China’s services sector, one of the areas tasked with helping to bolster economic growth in the years ahead, put in a strong showing in May with activity levels improving at the fastest pace since January, according to data released today.
The Caixin-IHS Markit services Purchasing Managers Index (PMI) jumped 1.3 points to 52.8 last month, pointing to an improvement in activity levels across the sector.
The PMI measures changes in activity levels across China’s services sector from one month to the next. Anything above 50 signals that activity levels are improving while a reading below suggests they’re deteriorating. The distance away from 50 indicates how quickly activity levels are expanding or contracting.
The strength in the Caixin-Markit survey also mirrored improved activity levels in the government’s official non-manufacturing PMI report, released last week.

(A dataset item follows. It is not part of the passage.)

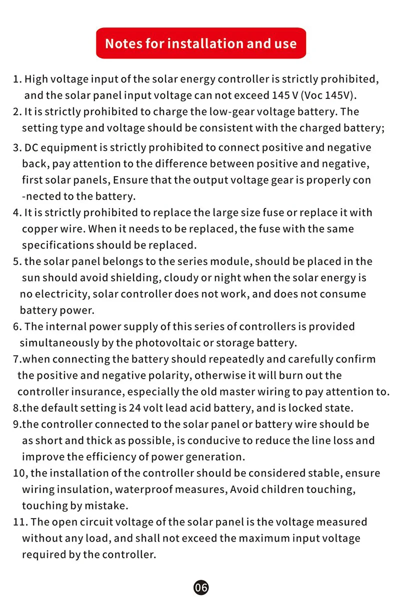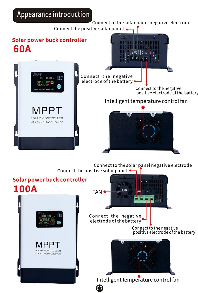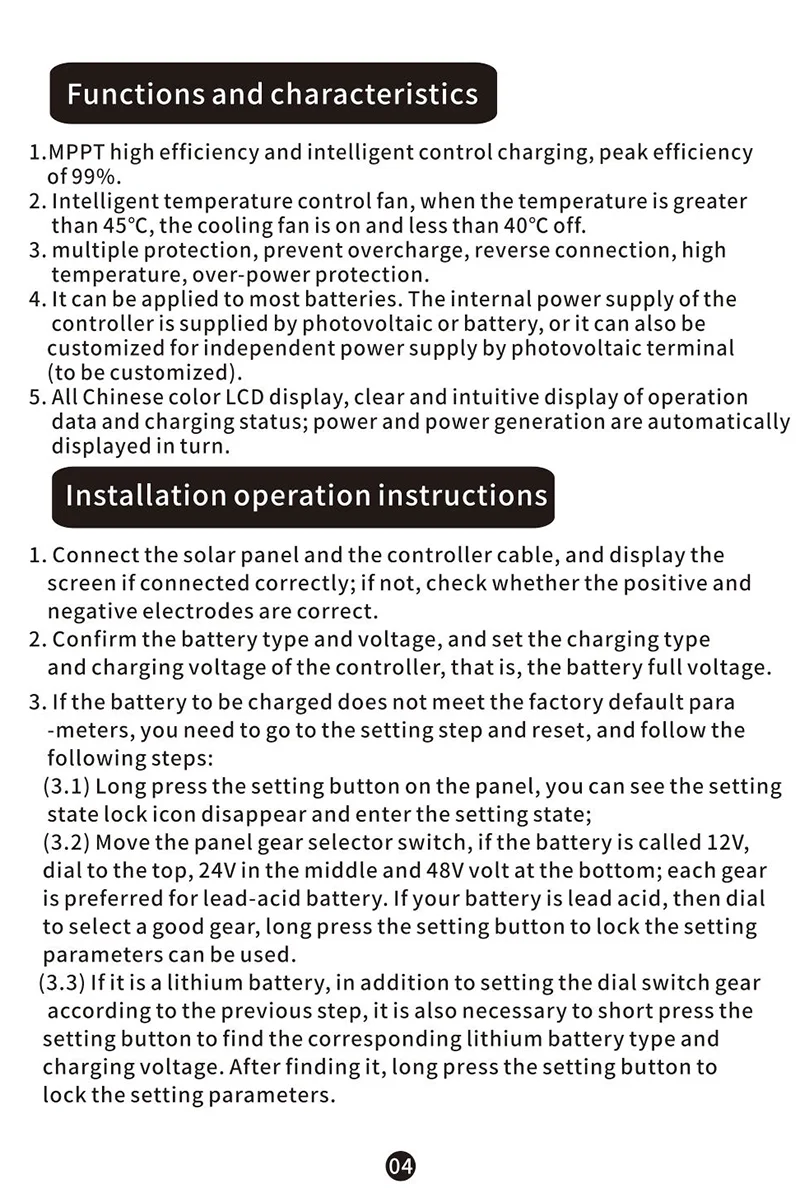 The battery charging process of the MPPT controller is optimized to extend battery life and improve system performance. Its comprehensive self-test function and electronic protection function can avoid damage caused by installation errors and system failures. Although the controller is easy to operate and use, in order to allow you to better use all the functions of the controller and improve your photovoltaic system, please read the instructions and instructions in this manual carefully.

However, as seen in the chart below, the improvement in services was largely offset by renewed weakness in China’s manufacturing sector, seeing the Caixin-IHS Markit China Composite PMI — a reading on activity levels across both sectors — inch up 0.3 points to 51.5 in May.
“Stronger growth in services activity reflected a quicker increase in total new business during May. Moreover, the latest expansion in new orders was the most marked in the year-to-date and solid amid reports of stronger underlying client demand,” said IHS Markit.
Fitting with that view, the group said that new orders grew at a faster pace, while order backlogs also increased.
“According to panellists, higher new orders contributed to renewed pressure on operating capacity,” it said.
Firms also added to staffing levels for a ninth consecutive month, albeit at a slower pace, while input costs — a measure of inflation across the sector — also rebounded after hitting a six-month low in April.
“The solid increase in input costs was generally linked to greater prices for raw materials and higher staff costs,” IHS Markit said.
Given the strength of the report, the group said that confidence towards the 12-month outlook “improved slightly”, rebounding after hitting a five-month low in April.
However, while the May report card on services was largely upbeat, the same can’t be said for China’s manufacturing sector which saw activity levels weaken for the first time in close to a year last month.
“The improvement in the services sector bolstered the Chinese economy in May,” said Zhengsheng Zhong, director of macroeconomic analysis at CEBM Group.
“The rapid deterioration in the manufacturing industry is worrying. We need to closely monitor whether the diverging trends in manufacturing and services will widen further.”
For the moment, that has ensured that optimism over the today’s report has been largely kept in check.